In December, the Bureau of Public Enterprises (BPE) announced a 5-member interim management team for AEDC following the crisis rocking the distribution company. The BPE added that the Nigerian Electricity Regulatory Commission (NERC), also approved the appointment of the interim management team.
Chairman of NERC, Sanusi Garba, said the development is in pursuance of the earlier fit and proper review of BPE’s pool of nominees and in the context of the business continuity framework of the Nigerian Electricity Supply Industry (NESI).
Last week, the Ibadan Electricity Distribution Company (IBEDC) announced the takeover of the power firm by the Asset Management Corporation of Nigeria (AMCON) with the appointment of Mr Kunle Ogunba SAN, to act as the Receiver/Manager Nominee in the receivership action, following a judgement by a Federal High Court on September 8, 2021, which granted orders in favour of AMCON as Receiver/Manager of Integrated Energy Distribution and Marketing (IEDM) Limited, IBEDC’s core investor, over default in Loan Service Agreement.

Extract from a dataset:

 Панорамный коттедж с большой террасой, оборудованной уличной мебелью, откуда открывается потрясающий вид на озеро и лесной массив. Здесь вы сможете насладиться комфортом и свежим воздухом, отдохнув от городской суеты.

The issues surrounding the defaults of both DisCos is down to debt as the owners of the DisCos engage in leveraged buyouts for the assets but obviously can’t continue to pay.
What the expert is saying
Wale Okunrinboye, Head Investment Research at Sigma Pensions and regular guest on Nairametrics’ “On the Money” show on Clubhouse said that during the power privatization, most of the companies were thinly capitalised entities who used leverage to fund these purchases. He said that issues related to naira devaluation (as the assets were sold in US dollars), and slow implementation of tariffs has heavily affected the financial operations of the DisCos.

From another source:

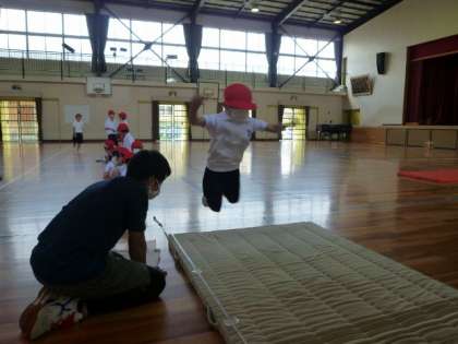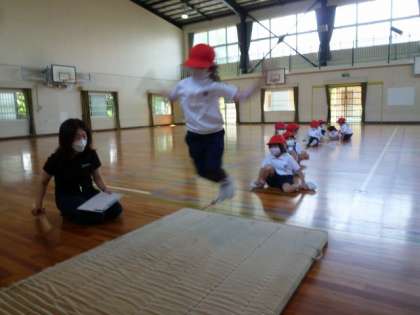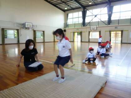 体育館の中では、立ち幅跳びをしました。

“In 2014, when we privatized the power sector, many of the winners were thinly capitalised entities who used leverage to fund these purchases,” Okunrinboye said.
He added that in many cases the entities were no more than financial SPVs put together to win the bid in the hope of selling on to strategic players in the medium term.

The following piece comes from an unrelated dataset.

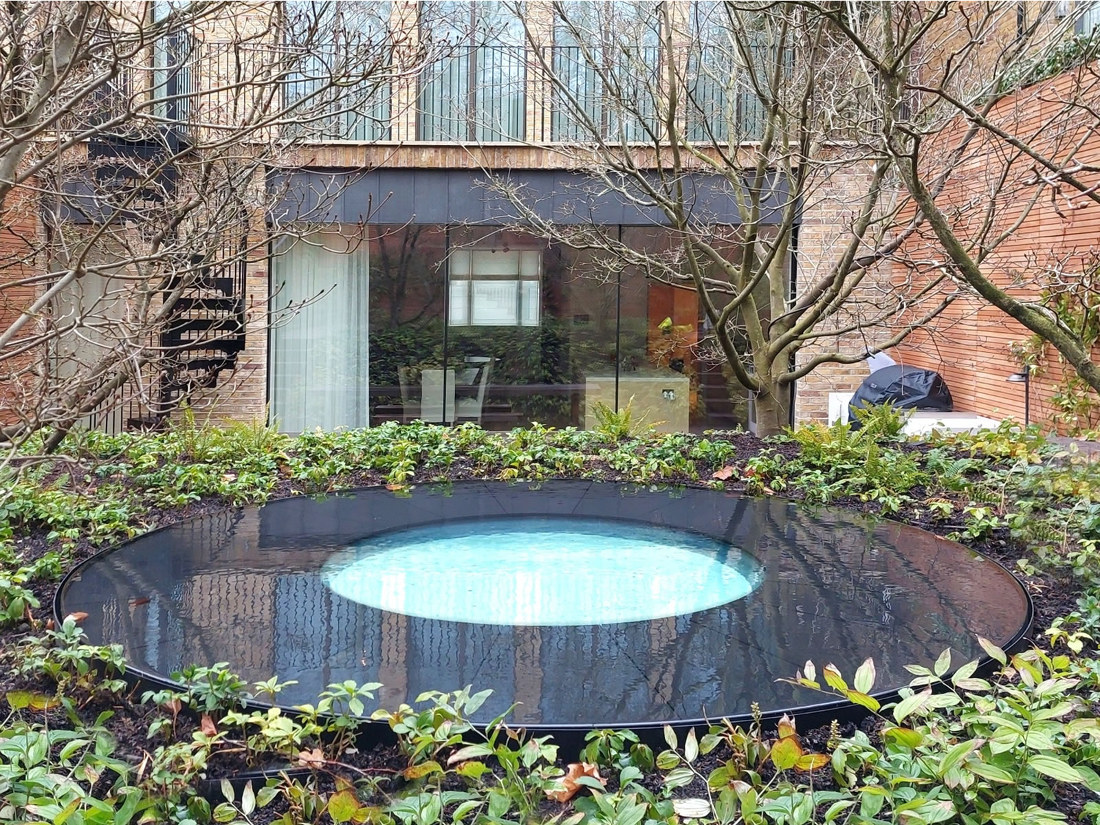 Internally illuminated by fibre-optics, fountains bubble from a water-covered black granite surface. The water feature covers the whole floor space of an internal courtyard of a penthouse overlooking the Thomas Hetherwick conjoined coal shed roofs in the fashionable Kings Cross area of north London. The fountain design includes raised granite stepping stones leading to a central spiral staircase which ascends to a roof terrace. This water feature is a Fountainhead collaboration with Stefano Marinaz Landscape www.stefanomarinaz.com and Jonathan Tuckey Design www.jonathantuckey.com .

“The financing arrangements modelled fairly stable exchange rates on the USD debt, cost-reflective electricity tariffs and relatively conservative collection losses (in hindsight),” he added.
He said subsequent events exposed the folly of these assumptions as Naira devaluation, greater than expected collection losses and delays in adjusting tariffs resulted in many of these players being saddled with large losses, adding that many of these players failed to meet metering targets and collections were large.
“Interestingly despite the prospect of bankruptcy from missed bank loan payments, many chose to hold on rather than selling equity to stronger players. These larger and more capitalised entities could have assumed these obligations staving bankruptcies,” he said.
On the government policy side, Okunrinboye notes that the delay in ensuring cost-reflective tariffs and limited pressure on DisCos to take steps to reduce collection losses such as mandating prepaid metering, ensuring government agencies cleared their electricity bills and improving alternative revenues streams, contributed to the issues. He added that even the BPE, which was a minority investor in all the DisCos could have used this position to drive greater improvements in the DisCos.